Stored items from a collection:
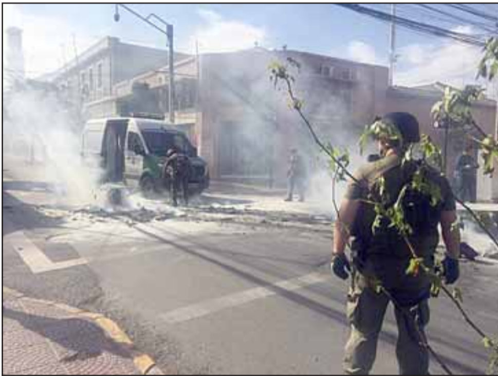
Varios carabineros debieron hacer labores de limpieza y contención, para habilitar las vías.

de no más de diez manifestantes hizo ingreso a la sucursal de Scotiabank ubicada en Papudo con Esmeralda y tras obligar a salir a trabajadores y clientes, sacó mobiliario para levantar una barricada. Personal de Carabineros debido concurrir hasta ese lugar y colaborar con la extinción del fuego, no resultando personas lesionadas. Los daños causados en la sucursal bancaria fueron millonarios.
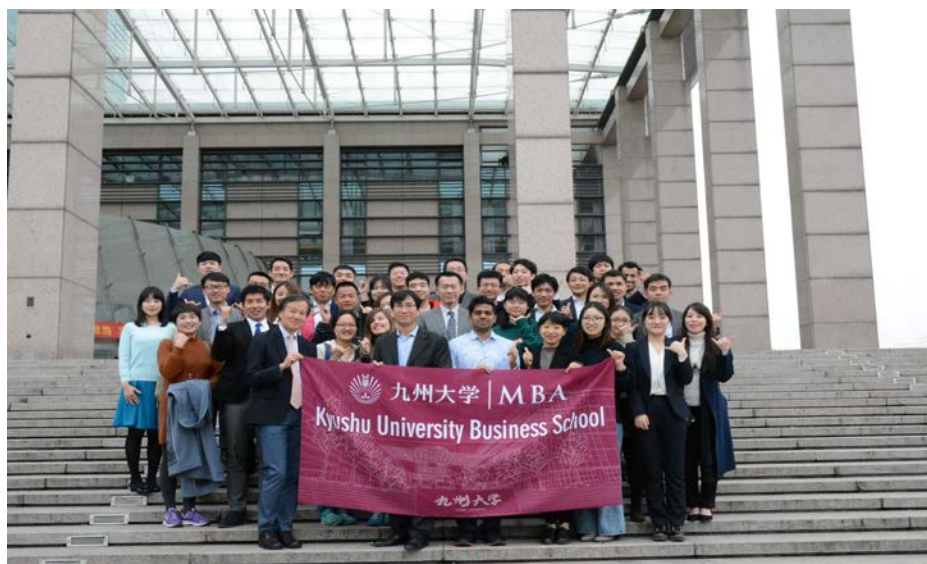
学中央図書館前の広場にて、浙江大学側の参加者学生及び教授との集合写真

当初キャッシュレスについて、賛成派と反対派のグループに分かれてのディスカッション予定であったが、渡航し目の前で、バイクの利用や店舗での決済を見る中、全チームで、メリット・デメリットを通して、キャッシュレス社会がもたらすインパクトについて考えることになった。ZJUとQBSのグループワークは、留学生も多く自国でのキャッシュレス事情の話しもでて、様々な視点で考えることができた。各教授から具体的な指摘をいただくことで今後キャッシュレスをどう生かして良い社会を作りあげていくかを考えさせられた。
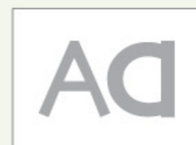
Real Dial Size ON

Find instructions in Spanish and German at provocraft.com Instructions en espagnol et en allemand chez provocraft.com Instrucciones en español y en alemán en provocraft.com Anleitung auf Deutsch und Spanisch unter provocraft.com
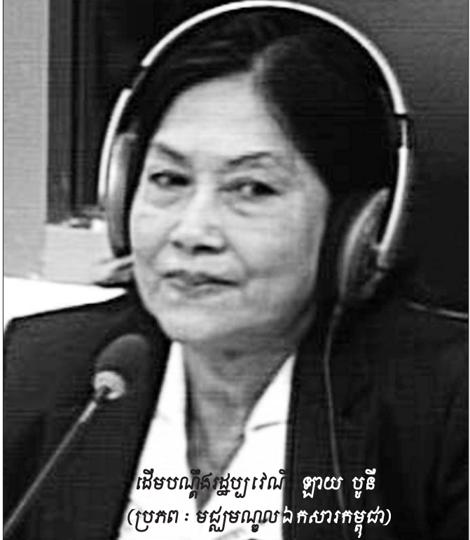
ដើមបណ្តឹងរដ្ឋប្បវេណី ឡាយ បូនី

នៅមុនថ្ងៃទី១៧ ខែមេសា ឆ្នាំ១៩៧៥ ទីក្រុងភ្នំពេញមានភាពច្របូកច្របល់ពីព្រោះមានគ្រាប់កាំភ្លើងផ្ទៀងផ្ទាត់ចូលទីក្រុងភ្នំពេញ ។ ដោយសារស្ថានភាពប្រទេសជាតិមានសភាពរីករវៃបែប

What the exercise asks:
Pull every line containing "para" from the data.

Task response:
Varios carabineros debieron hacer labores de limpieza y contención, para habilitar las vías.
de no más de diez manifestantes hizo ingreso a la sucursal de Scotiabank ubicada en Papudo con Esmeralda y tras obligar a salir a trabajadores y clientes, sacó mobiliario para levantar una barricada. Personal de Carabineros debido concurrir hasta ese lugar y colaborar con la extinción del fuego, no resultando personas lesionadas. Los daños causados en la sucursal bancaria fueron millonarios.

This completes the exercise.